_What you will do:_
Among the lines below, the one containing "Development scheme proposals" opens the range and the one containing "Outdoor Christmas Market" closes it. Print that range exactly, without the pictures.

____ Supplied data

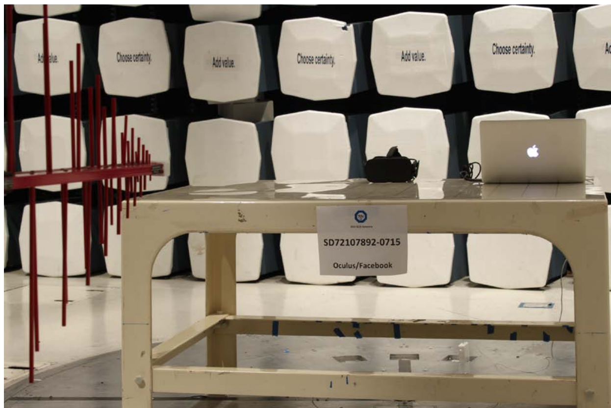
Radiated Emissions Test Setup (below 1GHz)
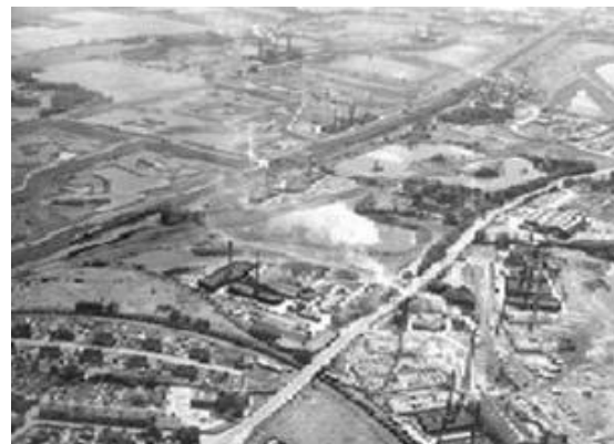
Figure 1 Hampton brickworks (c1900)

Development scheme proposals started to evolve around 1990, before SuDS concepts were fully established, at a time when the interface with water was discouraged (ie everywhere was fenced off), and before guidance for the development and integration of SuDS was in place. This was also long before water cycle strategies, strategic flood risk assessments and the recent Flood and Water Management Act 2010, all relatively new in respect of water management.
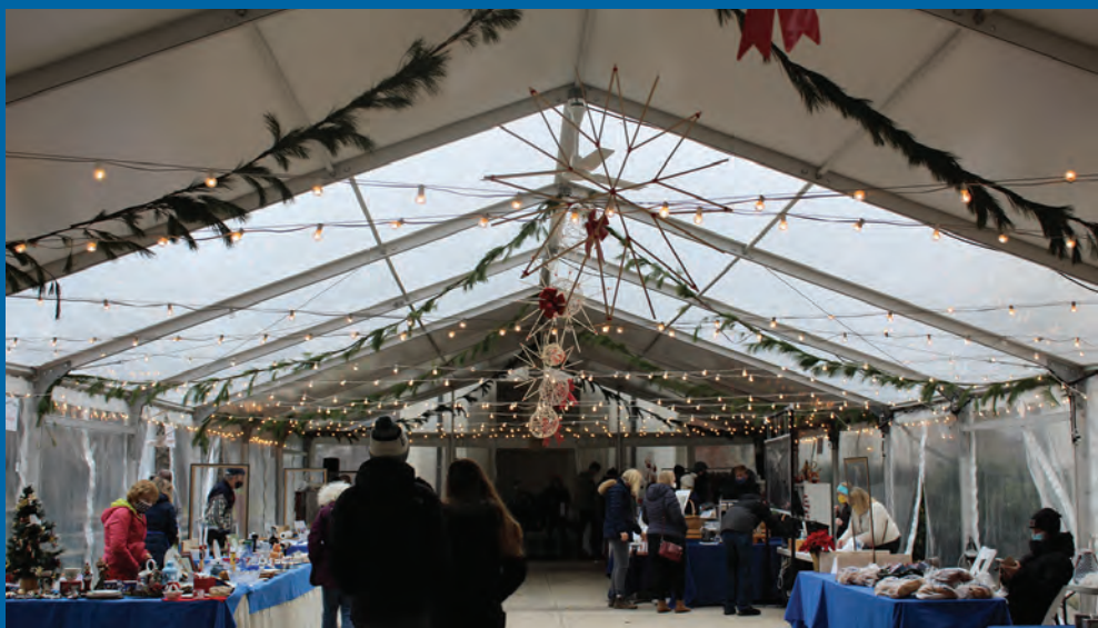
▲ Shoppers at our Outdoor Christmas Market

________
____ Supplied data

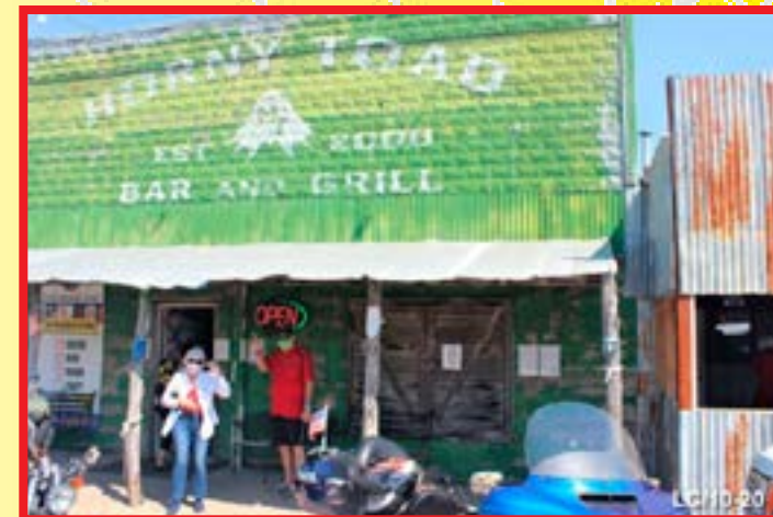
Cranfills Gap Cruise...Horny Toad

________

_Response to this task:_
Development scheme proposals started to evolve around 1990, before SuDS concepts were fully established, at a time when the interface with water was discouraged (ie everywhere was fenced off), and before guidance for the development and integration of SuDS was in place. This was also long before water cycle strategies, strategic flood risk assessments and the recent Flood and Water Management Act 2010, all relatively new in respect of water management.
▲ Shoppers at our Outdoor Christmas Market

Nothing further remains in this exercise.